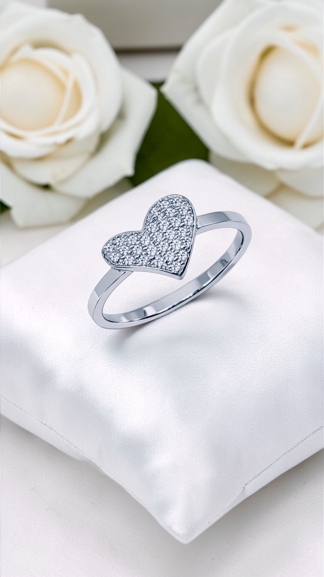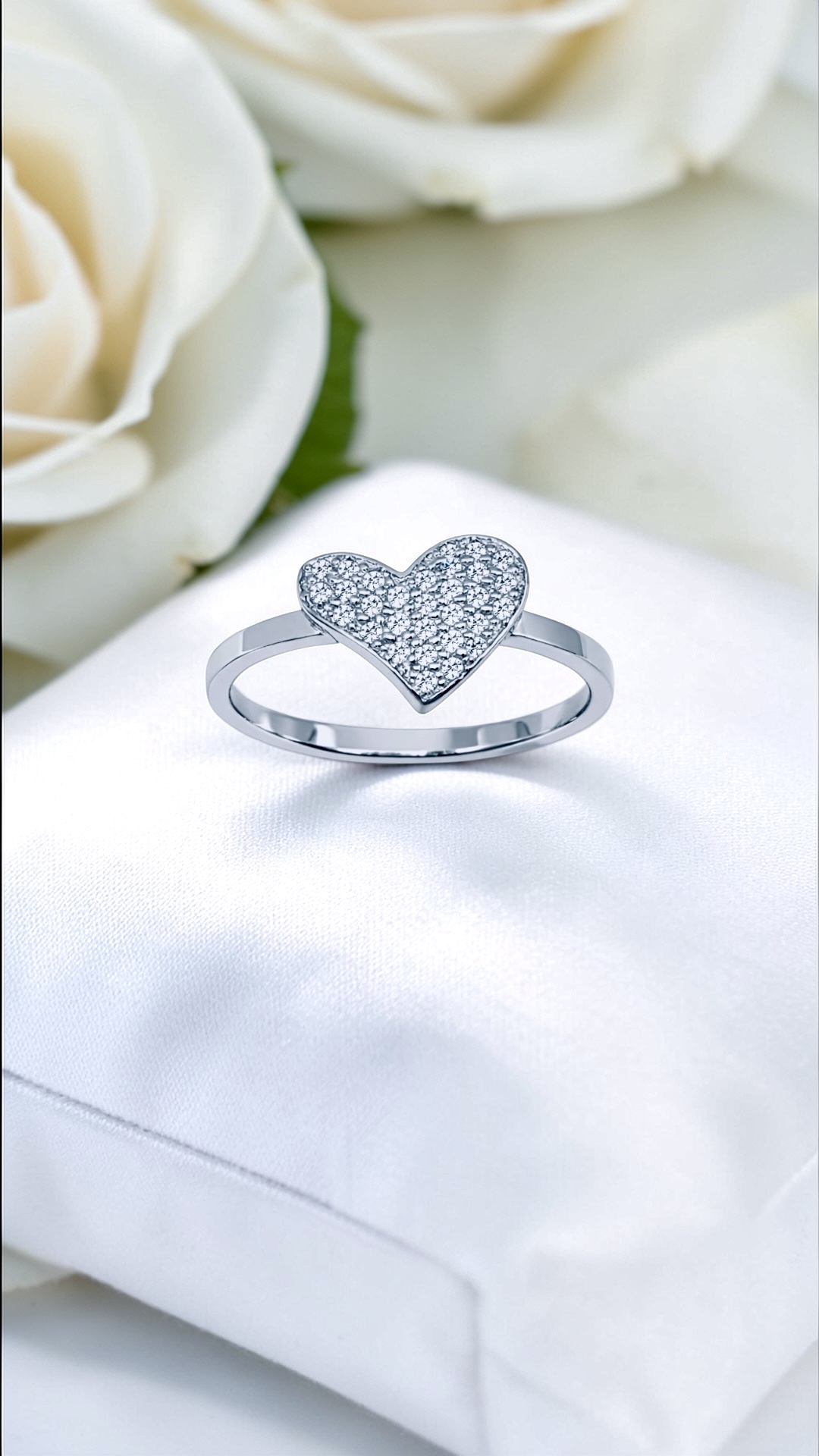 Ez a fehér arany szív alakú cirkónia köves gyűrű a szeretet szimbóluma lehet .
--
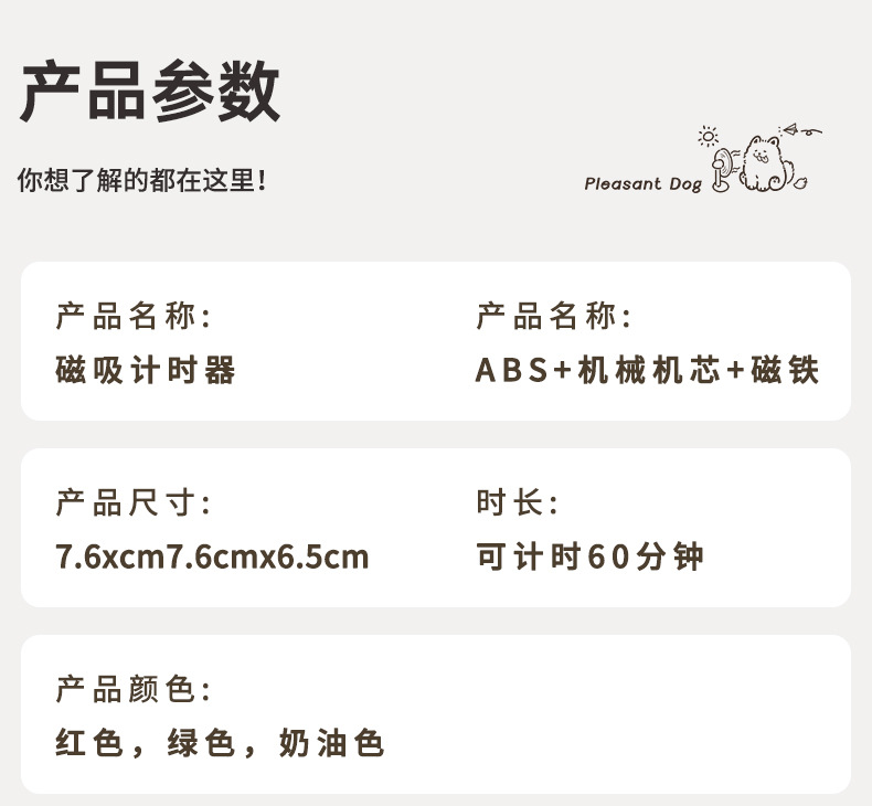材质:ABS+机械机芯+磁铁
...
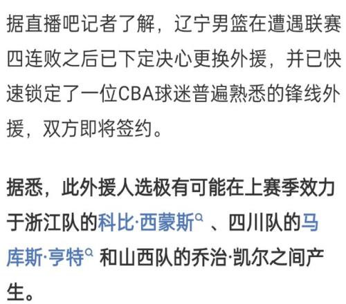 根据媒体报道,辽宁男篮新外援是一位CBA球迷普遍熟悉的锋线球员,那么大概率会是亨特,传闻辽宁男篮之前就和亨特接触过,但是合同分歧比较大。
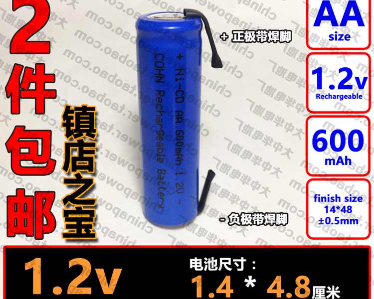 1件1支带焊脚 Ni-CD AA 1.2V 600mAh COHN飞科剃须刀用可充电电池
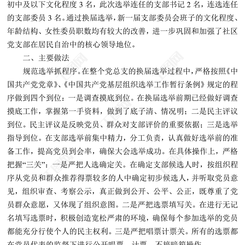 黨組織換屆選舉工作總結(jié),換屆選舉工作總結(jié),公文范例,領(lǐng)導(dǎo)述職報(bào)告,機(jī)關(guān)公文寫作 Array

TASK BRIEF:
Go back to the listing above and write out the lines starting at the one with "根据媒体报道,辽宁男篮新外援" and ending at the one with "黨組織換屆選舉工作總結(ji", inclusive, exactly and without pictures.

TASK RESULT:
 根据媒体报道,辽宁男篮新外援是一位CBA球迷普遍熟悉的锋线球员,那么大概率会是亨特,传闻辽宁男篮之前就和亨特接触过,但是合同分歧比较大。
 1件1支带焊脚 Ni-CD AA 1.2V 600mAh COHN飞科剃须刀用可充电电池
 黨組織換屆選舉工作總結(jié),換屆選舉工作總結(jié),公文范例,領(lǐng)導(dǎo)述職報(bào)告,機(jī)關(guān)公文寫作 Array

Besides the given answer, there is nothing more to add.